Gegen die Manager von Daimler, VW und anderen Firmen wird von Staatsanwälten ermittelt. In dem einen oder andern Unternehmen sollen gar Überlegungen angestellt werden, für den Fall der Fälle „Schatten-Vorstände“ zu suchen. Denn, wenn von deutschen Gerichten die für den Super-Skandal und Großbetrug Verantwortlichen wie Gangster und Ganoven schuldig gesprochen werden sollten, wird das ein dickes Ende haben und hoffentlich auch Köpfe fordern.
Moral und Ethik nicht beachtet
Die deutsche Autoindustrie mit ihren rund 800.000 Beschäftigten und zigtausend Zulieferern steht vor ihrer größten Herausforderung. Viel zu lange hat sie den Sprung in neue Technologien verzögert. Viel zu spät kam sie mit Hybrid- und Elektromodellen auf die Märkte. Doch seit Michail Gorbatschow wissen alle: Wer zu spät kommt, den bestraft das Leben.

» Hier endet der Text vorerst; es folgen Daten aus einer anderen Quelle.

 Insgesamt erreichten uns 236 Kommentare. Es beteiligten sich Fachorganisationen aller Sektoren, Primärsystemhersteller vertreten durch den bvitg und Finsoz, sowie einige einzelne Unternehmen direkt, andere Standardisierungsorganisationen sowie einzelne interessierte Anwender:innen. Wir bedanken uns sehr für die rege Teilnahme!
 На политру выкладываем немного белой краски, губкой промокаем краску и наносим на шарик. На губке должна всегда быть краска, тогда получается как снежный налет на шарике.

Was die Mitglieder in den Vorständen der Autofirmen in der jüngsten Vergangenheit veranstaltet haben, das war ein Großangriff gegen die Soziale Marktwirtschaft. Sie haben diese Wirtschafts- und Gesellschaftsordnung nicht nur in Misskredit gebracht, sondern gegen alle Regeln verstoßen. Moral und Ethik sind von ihnen mit Füßen getreten worden. Die pure Profitgier hat sie getrieben ebenso wie ihre Sucht nach hohen Gehältern, Boni, Tantiemen und anderen Wohltaten. Voller Scham sollten sie ihre Sonntagsreden nachlesen, in denen sie den Wettbewerb, die Innovationen und Leistungen gepriesen haben. Nach diesem schweren Unfall mit Totalschaden wird es darum gehen, bessere und ehrlichere Manager zu finden, neue umweltverträgliche Autos zu produzieren und das Zeitalter der Elektromobile zu meistern.

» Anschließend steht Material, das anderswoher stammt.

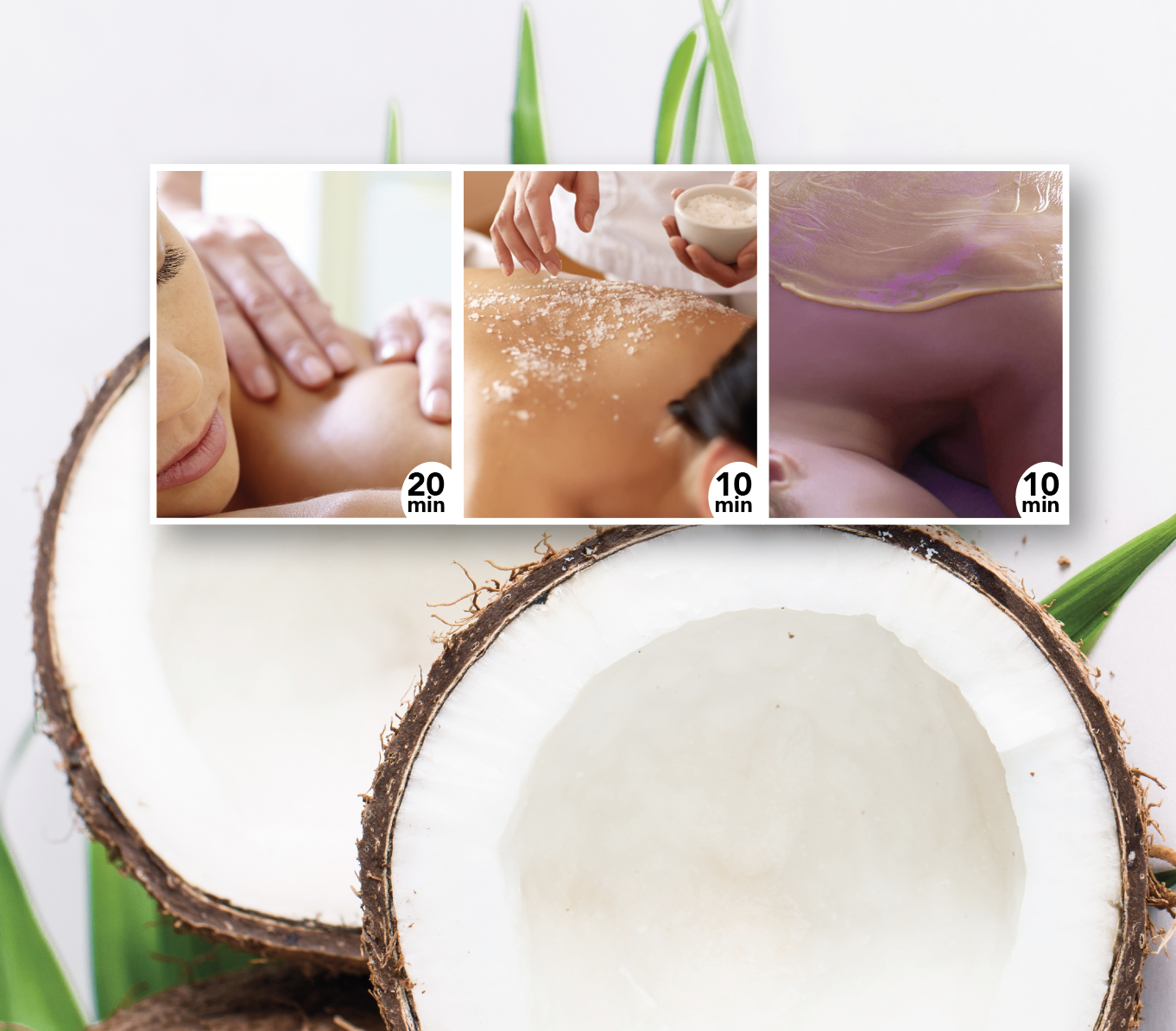 Ce rituel commence par un gommage gourmand au sucre et à la pulpe de coco, qui élimine délicatement les cellules mortes, lisse la peau et prolonge votre bronzage. Il se poursuit par un massage à l’huile vanillée adoucissante, qui lutte contre le dessèchement de la peau. Pour terminer, un enveloppement chaud au monoï est appliqué sur l’ensemble du corps afin de nourrir intensément la peau. Durée : 45 min + douche

Schließlich sollte die Bundesregierung sofort klare Kante beweisen und den Betrügern nicht länger auf den Leim gehen. Vor rund 30 Jahren setzte der damalige Bundeskanzler den Katalysator für Neuwagen durch, um damit die Emission von Stickoxiden zu reduzieren. Gegen diese Entscheidung fuhren die deutschen Hersteller Amok und beschworen damals einen tiefen Einbruch der Autoindustrie; selbst in der Europäischen Gemeinschaft wurde den Deutschen diese „Musterschüler-Mentalität“ vorgeworfen. Allerdings konnten die deutschen Firmen nach der Katalysator-Pflicht ab 1989 fast Jahr für Jahr neue Absatzrekorde erzielen und vor allem ihre Marktanteile im Ausland ausweiten. Ob die heute politisch Verantwortlichen mutig genug sind, die Auto-Unternehmen technologisch und ökologisch auf einen besseren Zukunftskurs zu zwingen, bleibt zu hoffen.